Non a caso Newman usa anche l’ipotesi della follia benigna per parlare di Kate, la protagonista del libro, un’originale che vive nella New York dell’anno Duemila di giorno ma di notte assume la personalità e il corpo di una donna controversa dell’epoca elisabettiana, una poetessa e musicista di origini italiane, tale Emilia che forse ha ispirato l’Ofelia di Shakespeare e che legandosi a Will dagli occhi tristi può condizionare il futuro dell’Occidente nell’altro mondo, quello che non vive.Kate ed Emilia, queste due versioni della stessa persona, separate dai secoli e dall’oceano, si innamorano quasi contestualmente, e mentre una si sottrae all’agire del suo presente l’altra sembra rafforzarsi e le colonizza la coscienza e la vita.
»«Dei suoi sogni vivi Kate parla solo con chi si fida, sperando che chi la ama – in questo caso un uomo di nome Ben, un cavaliere che fallisce varie prove – sappia farsi carico della sua missione, accogliendo un’anomalia che si è manifestata durante la sua pubertà.

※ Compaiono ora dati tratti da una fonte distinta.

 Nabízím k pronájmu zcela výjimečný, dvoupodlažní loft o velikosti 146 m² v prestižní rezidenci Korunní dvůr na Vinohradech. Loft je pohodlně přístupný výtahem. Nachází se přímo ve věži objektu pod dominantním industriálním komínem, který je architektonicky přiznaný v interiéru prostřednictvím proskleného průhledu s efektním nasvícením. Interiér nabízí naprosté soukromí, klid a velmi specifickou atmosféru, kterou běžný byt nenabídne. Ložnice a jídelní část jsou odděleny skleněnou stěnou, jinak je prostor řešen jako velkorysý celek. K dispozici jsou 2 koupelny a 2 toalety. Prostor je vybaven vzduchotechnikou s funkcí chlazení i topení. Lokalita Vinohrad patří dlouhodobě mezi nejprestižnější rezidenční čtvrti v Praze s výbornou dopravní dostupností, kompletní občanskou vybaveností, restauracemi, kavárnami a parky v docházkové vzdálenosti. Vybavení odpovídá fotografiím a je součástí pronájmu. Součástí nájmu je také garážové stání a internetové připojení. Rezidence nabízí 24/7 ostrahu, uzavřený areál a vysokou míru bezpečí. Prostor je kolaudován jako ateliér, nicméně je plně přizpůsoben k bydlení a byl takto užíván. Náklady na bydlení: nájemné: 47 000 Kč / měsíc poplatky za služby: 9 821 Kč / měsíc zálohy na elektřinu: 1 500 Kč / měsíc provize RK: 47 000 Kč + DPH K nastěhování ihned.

Le pagine in cui Newman descrive l’esordio dei sogni di Kate sono tenere e stupefacenti, oltre che strane: l’aggettivo strano ricorre almeno una trentina di volte nel romanzo, in tutta la sua maestosa stupidità carnale. A dodici anni, quando era all’American International School di Budapest, Kate giocava a sognare Albione, un mondo pieno di canti e alberi in fiore destinato a diventare talmente pervasivo da farle credere che in realtà svegliandosi avrebbe potuto cancellare tutta Budapest e gli abitanti del mondo reale.

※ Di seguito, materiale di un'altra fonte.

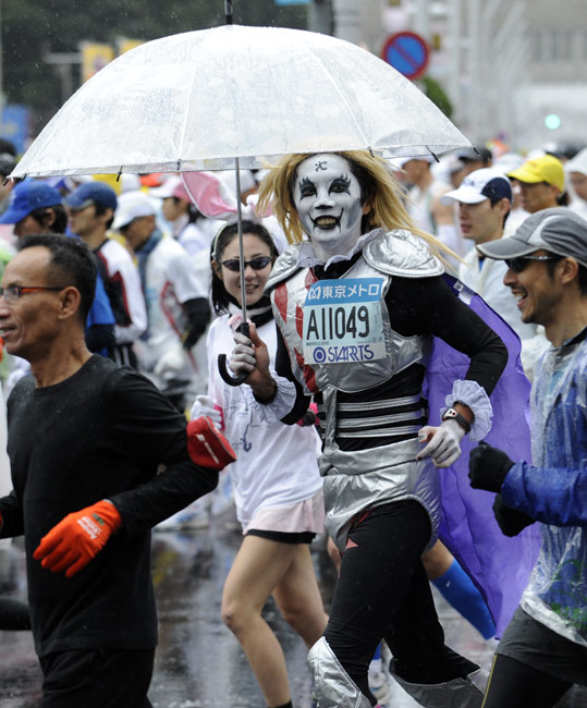 2月28日,日本東京馬拉松賽舉行,超過30000名愛好者參加了此次馬拉松賽。很多參賽者的怪異服裝成為了賽場上的一道風景。圖片來源:中國新聞網

All’inizio riesce a coinvolgere le amiche in questo gioco, finché una “ragazza difficile” non le fa notare che sta bluffando e che Albione è solo una vecchia parola per dire Inghilterra. Con il passare del tempo si destano anche tutte le altre da quella cospirazione e Kate sperimenta una specie di solitudine.La bravura di Newman sta nel creare un incanto tale per cui mentre leggiamo desideriamo che questa ipotesi sia reale, che Albione si possa abitare, e torna la condizione solitaria propria di certi momenti dell’infanzia, in cui ci convinciamo di saper lievitare, di aver fatto salti altissimi o aver visto ufo, ma subentra subito la paura di essere presi in giro. Kate invece non ha paura, e la sua assenza di difese è spesso perturbante. Lo stesso si può dire dell’autrice: ha un che di euforico questo volontario rifiuto dei limiti del buon senso, e soprattutto mancava da tempo.

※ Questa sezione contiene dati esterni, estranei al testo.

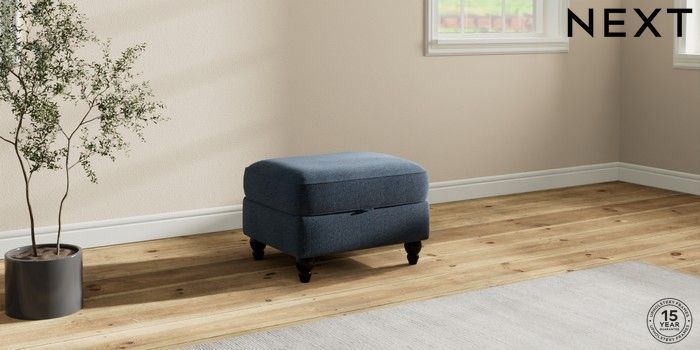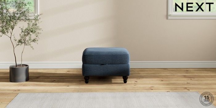 7.2.10 Ashford Storage Footstool Ripple Chenille Dark Blue Low Turned - Dark | Made Click here to use our website with more accessibility support, for example screen readers

Durante la lettura, il pensiero va proprio lì: al modo in cui ci hanno deformato le storie di avventura e le fiabe nei nostri primi anni da lettori, a come tutto dopo si è presentato come tradimento e contenimento del mondo. Come si fa a recuperare quella dimensione senza affidarsi all’illustrazione o agli effetti speciali, o a trame dichiaratamente di fantascienza? Non è un caso se Kate nella vita non fa nulla, a parte disegnare un murales commissionatole da un amico. Graphic novel, romanzi sci-fi , e film come quelli di Christopher Nolan hanno preservato questa quarta dimensione, che però esiste e deve esistere anche in letteratura con gli strumenti interni al realismo, e propri del realismo.